Assuming you have a graphic application that allows printing profiles ... you need to let the graphic application manage the color and not the printer. In the Epson driver set to "ICC" "Off" or none".


----------



## Viper Graphics (Mar 28, 2009)

KTmomma said:


> Ok, so I contacted them and I installed the color profiles but I'm still having trouble with colors. I'm printing images of our family and we look orange.


What program are you printing from, what substrate are you going to press on and what Cobra settings are you using....for that substrate? Like Mike said, make sure your application controls the colors and not the printer.


----------



## KTmomma (May 27, 2017)

Viper Graphics said:


> What program are you printing from, what substrate are you going to press on and what Cobra settings are you using....for that substrate? Like Mike said, make sure your application controls the colors and not the printer.

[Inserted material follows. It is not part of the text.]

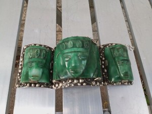 De Colección Noritake Art Deco Puff Polvo Compacto Porcelana 3.25" Aleta Marca Verde
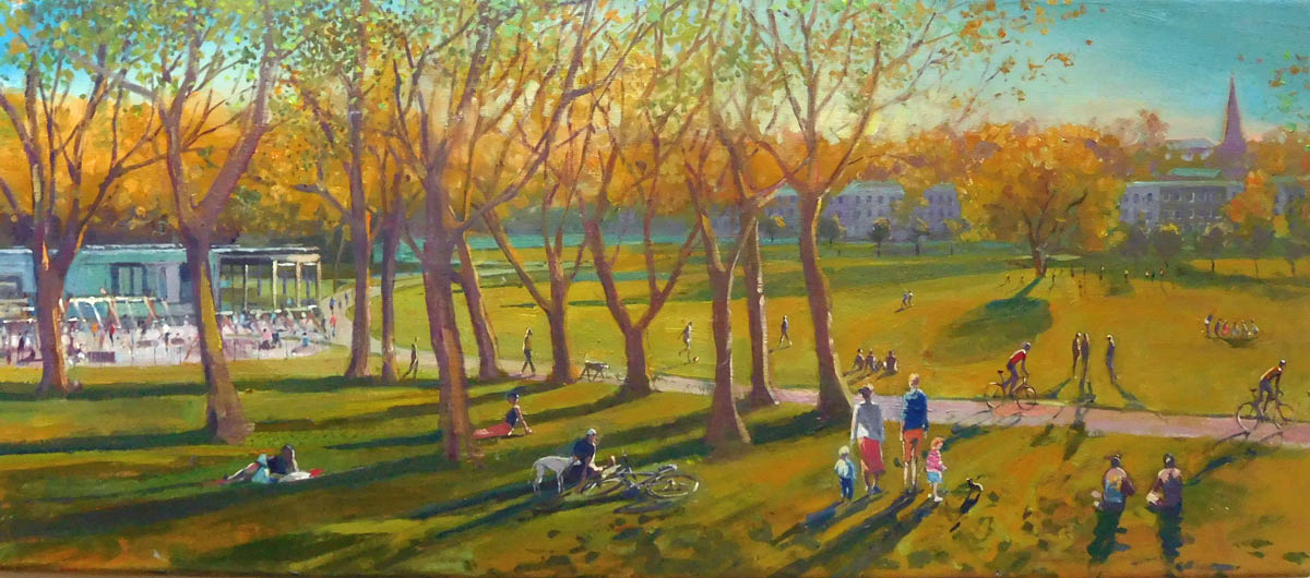 Ruth commissioned Mark to produce a painting for her husband’s 40th birthday. The delightful subject matter was a view from Telegraph Hill looking to the City of London. Mark met the clients in the park to agree on the composition & the key elements that they wanted to be included in the piece. This shows the route they take when the children go to nursery; the family group are depicted on the path. They wanted the atmosphere of the park to reflect the different people using it, e.g. the dog walkers, the tree colours and the accuracy of the buildings were also important. One of the children asked that a cat be included, this can be seen to the left-hand side of the painting in the grass!

I am printing on Photoshop. Richard from Cobra sent me the file to download the ICC profiles for my printer. I do have that Photoshop controls the colors. I have ICM selected under my Color Management and Color Adjustment off. I purchased a test kit, so I've tried on hardboard and plastic so far. I'm trying the different printer profiles. I don't know if that's where I'm going wrong. 
The files he sent me show as:
AL PP- which I think is aluminum 
POLY EM- which is supposedly Epson Matte
POLY PPM
I did alot of research and thought I had a clue, but it seems I have no clue.


----------



## KTmomma (May 27, 2017)

I think it might be I'm choosing the wrong printer profiles. I guess the aluminum I would use just for aluminum? What types of substrates would I use the other two (POLY EM and POLY PPM)?


----------



## mgparrish (Jul 9, 2005)

KTmomma said:


> I am printing on Photoshop. Richard from Cobra sent me the file to download the ICC profiles for my printer. I do have that Photoshop controls the colors. I have ICM selected under my Color Management and Color Adjustment off. I purchased a test kit, so I've tried on hardboard and plastic so far. I'm trying the different printer profiles. I don't know if that's where I'm going wrong.
> The files he sent me show as:
> AL PP- which I think is aluminum
> POLY EM- which is supposedly Epson Matte
> ...


Please show your "print screen" from wherever you made changes to Photoshop using this free utility (get the free version it's good) just output to a jpg and not hardcopy.

https://www.gadwin.com/download/PrintScreen_Setup.zip

https://gadwin.com/printscreen/


----------



## mgparrish (Jul 9, 2005)

KTmomma said:


> I think it might be I'm choosing the wrong printer profiles. I guess the aluminum I would use just for aluminum? What types of substrates would I use the other two (POLY EM and POLY PPM)?


While you can use all the profiles for specific substrates I just transfer them all on poly then pick the best overall and use it for everything.

You should get raw while 100% poly cloth (solde by the yard from rolls) from Walmart for this exercise and later usage. It comes in handy when you do "swatching" but don't worry about swatches till you get your profile setup.


----------



## Viper Graphics (Mar 28, 2009)

mgparrish said:


> Please show your "print screen" from wherever you made changes to Photoshop using this free utility (get the free version it's good) just output to a jpg and not hardcopy.
> 
> https://www.gadwin.com/download/PrintScreen_Setup.zip
> 
> https://gadwin.com/printscreen/


He can also do a Ctrl Alt Print Screen and in photoshop create new and it should make a new blank page the size of the screen and just click paste....look something like this...


----------



## KTmomma (May 27, 2017)

mgparrish said:


> Please show your "print screen" from wherever you made changes to Photoshop using this free utility (get the free version it's good) just output to a jpg and not hardcopy.
> 
> https://www.gadwin.com/download/PrintScreen_Setup.zip
> 
> https://gadwin.com/printscreen/


I think I have it working now. I have to keep trying to press some items to make sure the color is right. If not, I'll be back! Thanks!!


----------



## Chris109 (Aug 3, 2015)

I went through the different shades on the paper. You can't go by what you print. It needs to be transferred onto item.

Also, how can white be cream if there is no white? If it is on the paper that way, then you are printing on the wrong side of the paper. Print on the white side.


----------



## Lauralee0268 (Feb 27, 2018)

Sublimating colour trouble..Im using a Mac with Epson 1430 Artisan and ink from inkxpro. My colours are dull and my black is more like a brown colour. inkxpro doesn't have a colour profile for Mac computers. Had i have know that I would never of bought in from them.can anyone help me please?


----------